■ **PROBLEM TO WORK ON**
Give back the whole listing verbatim, printing none of its pictures.

::: RECORDED INFORMATION :::

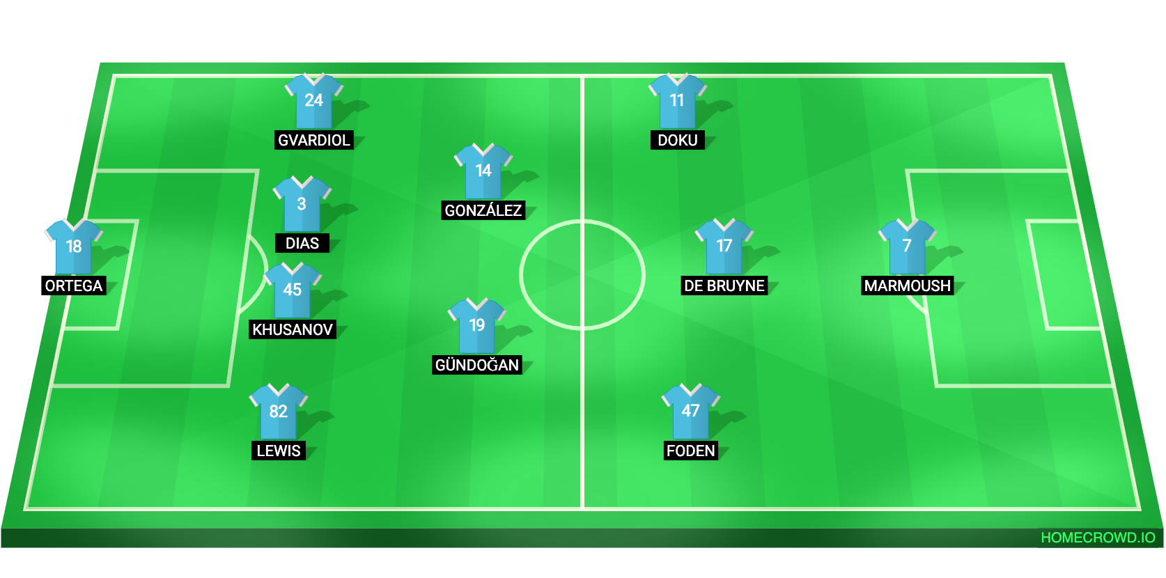 Probable Lineup (4-2-3-1): Ortega; Lewis, Dias, Khusanov, Gvardiol; Gundogan, Gonzalez; Foden, De Bruyne, Doku; Marmoush
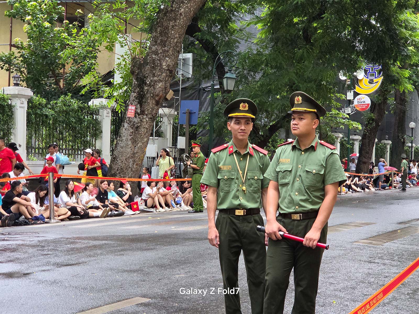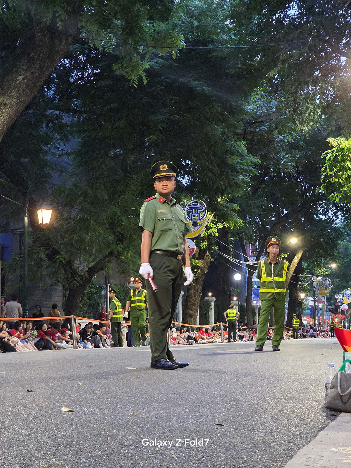 Để ghi lại những khoảnh khắc ấy, mình sử dụng camera telephoto trên Galaxy Z Fold7 với mức zoom 3X. Ảnh cho ra vẫn tạo ấn tượng với màu sắc sống động, chi tiết ở mức khá, vẫn có thể tái tạo không khí hào hùng, trang nghiêm của các chiến sĩ cảnh sát.
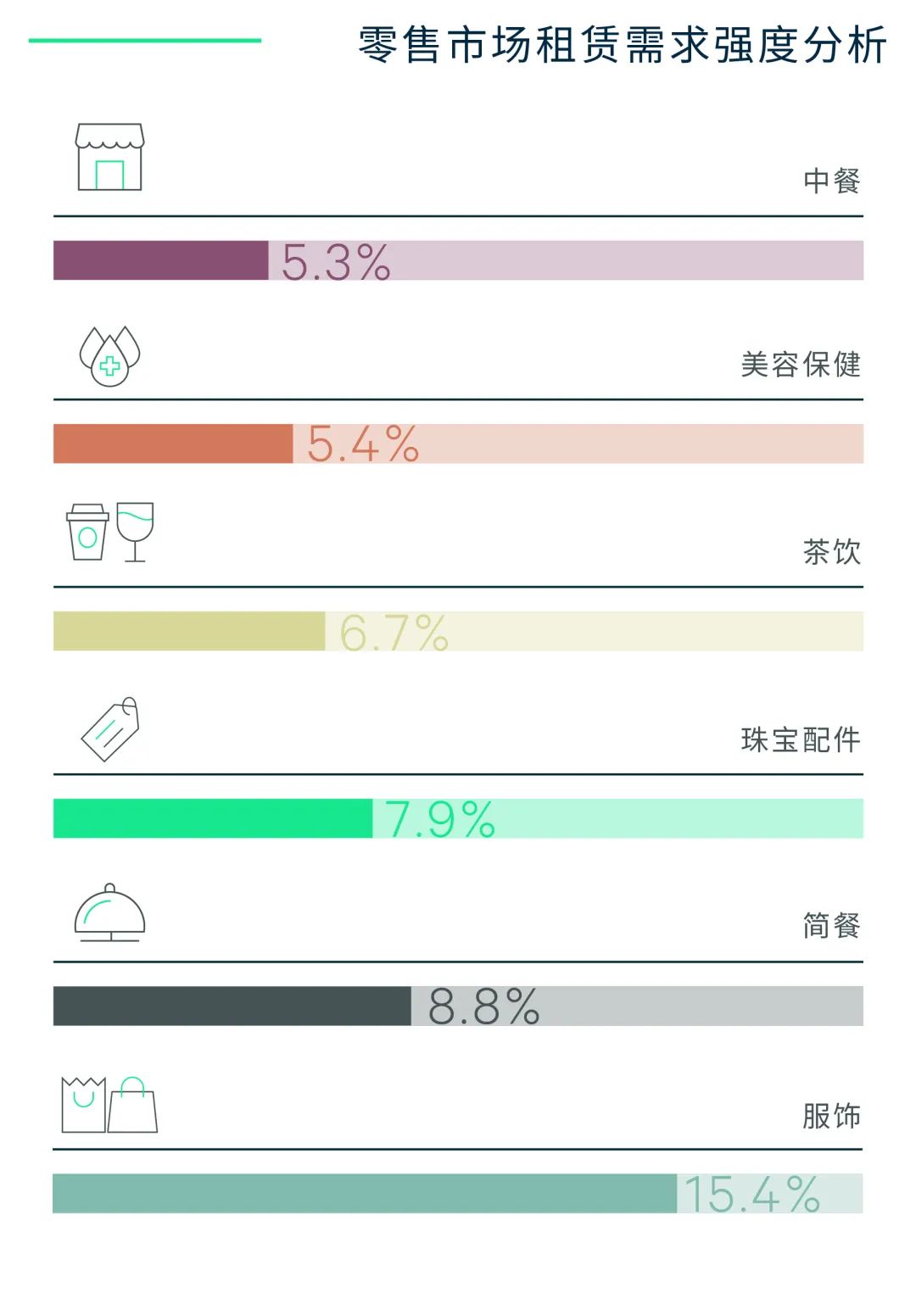 需求方面来看,零售依然为第一大需求,其中服饰业态稳居需求榜首,新租赁占比约15.0%,约8成来自国内品牌,以二线服饰品牌为主。珠宝配件类业态以8%的需求占比位列第二,依然主要来自传统珠宝品牌的扩张,尤以周大福表现最为抢眼,季内共开出7家分店,凸显疫情影响下大家对黄金等保值品的追求依然持续。值得注意的是,新能源汽车租户高歌猛进,单季共开出23家店,为年内最高,是上季度开店数量的近4倍,扩张较为活跃的有华为旗下的问界、大众以及广州埃安。同时新能源汽车的品牌更为多元化,Smart、魏牌、极氪、自游家及高合均有在季内录得新开。餐饮的扩张依然以简餐和茶饮为驱动,其中简餐以松鹤楼苏式汤面表现最为积极,而茶饮季内共开出42家店,丘大叔、奈雪的茶、Hun果汁和比茶大陆均开出多家店铺。
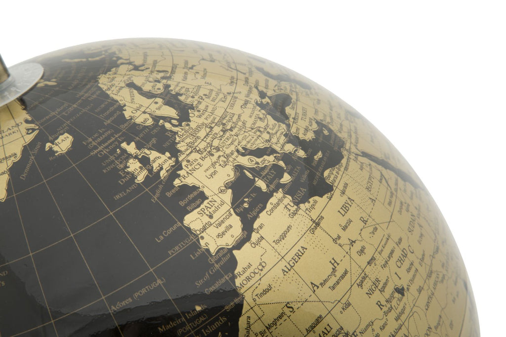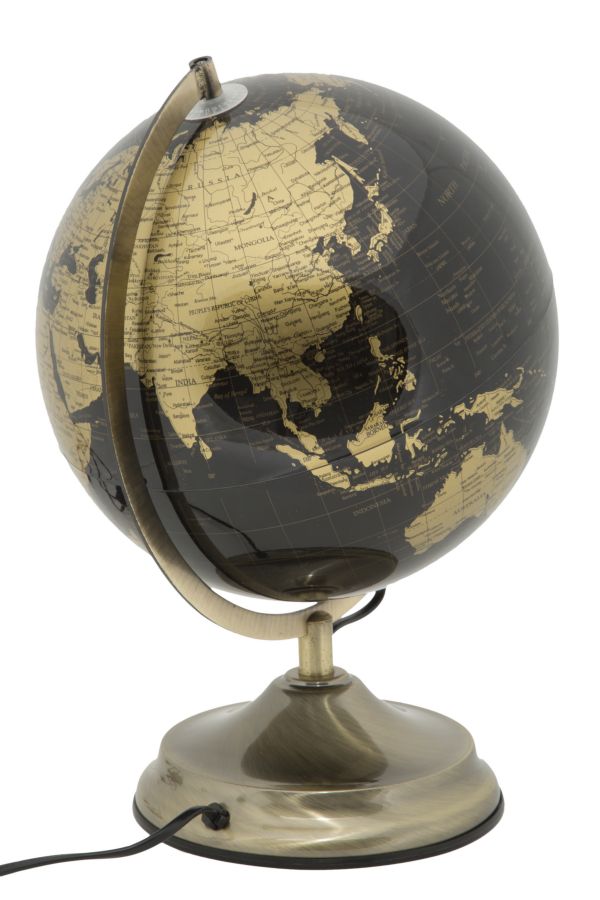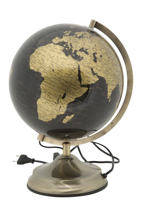 Mappamondo decorativo con luce in materiale plastico con base in metallo. Mostra la tua anima da vero globe trotter grazie a mappamondi sofisticati e glam.

:::

■ **SOLUTION BELOW**
 Probable Lineup (4-2-3-1): Ortega; Lewis, Dias, Khusanov, Gvardiol; Gundogan, Gonzalez; Foden, De Bruyne, Doku; Marmoush
 Để ghi lại những khoảnh khắc ấy, mình sử dụng camera telephoto trên Galaxy Z Fold7 với mức zoom 3X. Ảnh cho ra vẫn tạo ấn tượng với màu sắc sống động, chi tiết ở mức khá, vẫn có thể tái tạo không khí hào hùng, trang nghiêm của các chiến sĩ cảnh sát.
 需求方面来看,零售依然为第一大需求,其中服饰业态稳居需求榜首,新租赁占比约15.0%,约8成来自国内品牌,以二线服饰品牌为主。珠宝配件类业态以8%的需求占比位列第二,依然主要来自传统珠宝品牌的扩张,尤以周大福表现最为抢眼,季内共开出7家分店,凸显疫情影响下大家对黄金等保值品的追求依然持续。值得注意的是,新能源汽车租户高歌猛进,单季共开出23家店,为年内最高,是上季度开店数量的近4倍,扩张较为活跃的有华为旗下的问界、大众以及广州埃安。同时新能源汽车的品牌更为多元化,Smart、魏牌、极氪、自游家及高合均有在季内录得新开。餐饮的扩张依然以简餐和茶饮为驱动,其中简餐以松鹤楼苏式汤面表现最为积极,而茶饮季内共开出42家店,丘大叔、奈雪的茶、Hun果汁和比茶大陆均开出多家店铺。
 Mappamondo decorativo con luce in materiale plastico con base in metallo. Mostra la tua anima da vero globe trotter grazie a mappamondi sofisticati e glam.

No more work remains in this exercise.